### Dataset entries
● ● ● ●
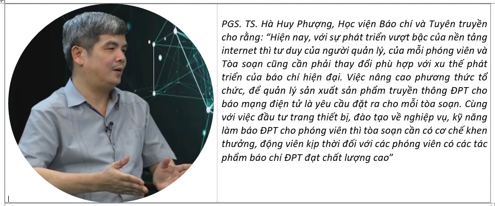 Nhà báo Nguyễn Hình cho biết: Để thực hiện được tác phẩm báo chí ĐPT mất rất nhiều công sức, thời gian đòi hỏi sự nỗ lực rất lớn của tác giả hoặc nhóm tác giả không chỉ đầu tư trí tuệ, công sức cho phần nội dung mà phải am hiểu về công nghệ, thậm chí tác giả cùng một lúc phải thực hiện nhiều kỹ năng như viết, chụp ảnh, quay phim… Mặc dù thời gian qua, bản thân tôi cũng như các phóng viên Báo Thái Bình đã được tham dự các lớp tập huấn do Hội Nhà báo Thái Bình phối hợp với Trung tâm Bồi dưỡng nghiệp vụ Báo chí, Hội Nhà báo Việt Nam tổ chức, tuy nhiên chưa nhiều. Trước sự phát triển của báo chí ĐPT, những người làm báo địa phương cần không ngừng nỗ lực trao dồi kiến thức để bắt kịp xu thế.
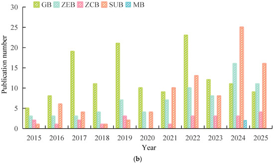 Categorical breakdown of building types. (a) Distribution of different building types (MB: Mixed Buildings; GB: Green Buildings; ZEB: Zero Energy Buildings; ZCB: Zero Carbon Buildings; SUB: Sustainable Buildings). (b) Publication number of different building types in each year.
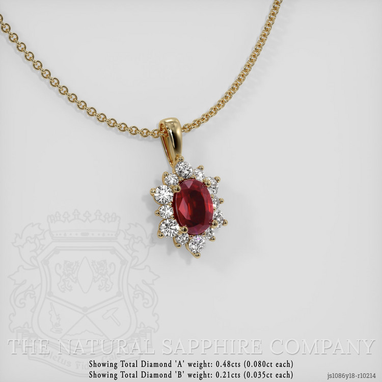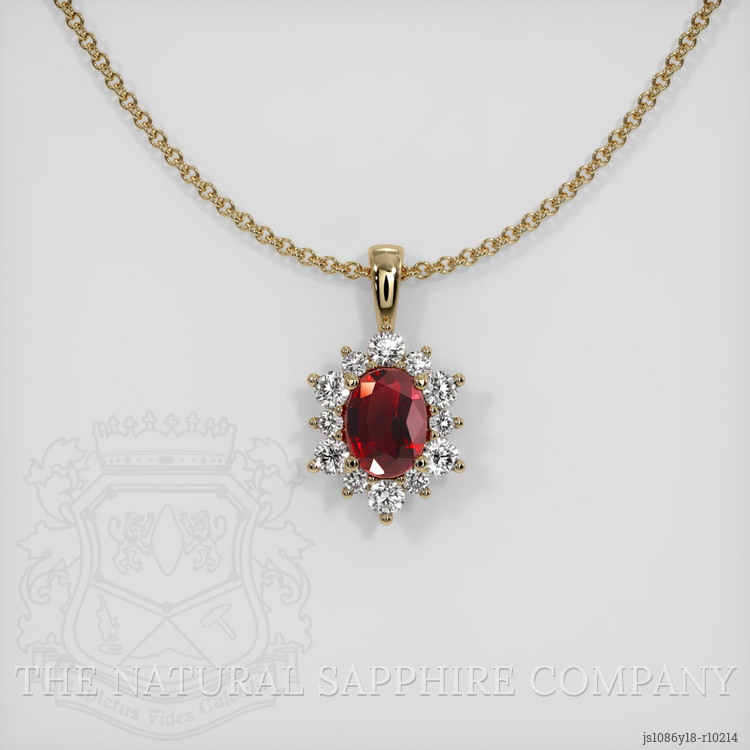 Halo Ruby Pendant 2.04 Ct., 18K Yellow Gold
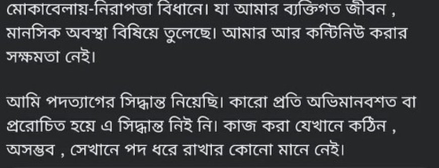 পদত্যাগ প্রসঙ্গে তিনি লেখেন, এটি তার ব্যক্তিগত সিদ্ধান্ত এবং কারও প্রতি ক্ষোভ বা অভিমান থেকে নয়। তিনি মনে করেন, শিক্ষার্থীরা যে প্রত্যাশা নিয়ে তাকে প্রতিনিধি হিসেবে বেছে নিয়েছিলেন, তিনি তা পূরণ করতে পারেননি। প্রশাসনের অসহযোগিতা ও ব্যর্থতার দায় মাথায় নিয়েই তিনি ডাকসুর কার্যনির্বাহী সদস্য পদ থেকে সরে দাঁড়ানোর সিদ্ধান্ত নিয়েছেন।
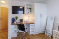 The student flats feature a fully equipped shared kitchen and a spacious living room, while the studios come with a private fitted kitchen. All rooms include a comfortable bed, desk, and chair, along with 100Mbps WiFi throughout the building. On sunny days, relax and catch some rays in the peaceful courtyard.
● ● ● ●
### To do
From the first line to the last, retype the data above exactly, but not its images.

### Output
 Nhà báo Nguyễn Hình cho biết: Để thực hiện được tác phẩm báo chí ĐPT mất rất nhiều công sức, thời gian đòi hỏi sự nỗ lực rất lớn của tác giả hoặc nhóm tác giả không chỉ đầu tư trí tuệ, công sức cho phần nội dung mà phải am hiểu về công nghệ, thậm chí tác giả cùng một lúc phải thực hiện nhiều kỹ năng như viết, chụp ảnh, quay phim… Mặc dù thời gian qua, bản thân tôi cũng như các phóng viên Báo Thái Bình đã được tham dự các lớp tập huấn do Hội Nhà báo Thái Bình phối hợp với Trung tâm Bồi dưỡng nghiệp vụ Báo chí, Hội Nhà báo Việt Nam tổ chức, tuy nhiên chưa nhiều. Trước sự phát triển của báo chí ĐPT, những người làm báo địa phương cần không ngừng nỗ lực trao dồi kiến thức để bắt kịp xu thế.
 Categorical breakdown of building types. (a) Distribution of different building types (MB: Mixed Buildings; GB: Green Buildings; ZEB: Zero Energy Buildings; ZCB: Zero Carbon Buildings; SUB: Sustainable Buildings). (b) Publication number of different building types in each year.
 Halo Ruby Pendant 2.04 Ct., 18K Yellow Gold
 পদত্যাগ প্রসঙ্গে তিনি লেখেন, এটি তার ব্যক্তিগত সিদ্ধান্ত এবং কারও প্রতি ক্ষোভ বা অভিমান থেকে নয়। তিনি মনে করেন, শিক্ষার্থীরা যে প্রত্যাশা নিয়ে তাকে প্রতিনিধি হিসেবে বেছে নিয়েছিলেন, তিনি তা পূরণ করতে পারেননি। প্রশাসনের অসহযোগিতা ও ব্যর্থতার দায় মাথায় নিয়েই তিনি ডাকসুর কার্যনির্বাহী সদস্য পদ থেকে সরে দাঁড়ানোর সিদ্ধান্ত নিয়েছেন।
 The student flats feature a fully equipped shared kitchen and a spacious living room, while the studios come with a private fitted kitchen. All rooms include a comfortable bed, desk, and chair, along with 100Mbps WiFi throughout the building. On sunny days, relax and catch some rays in the peaceful courtyard.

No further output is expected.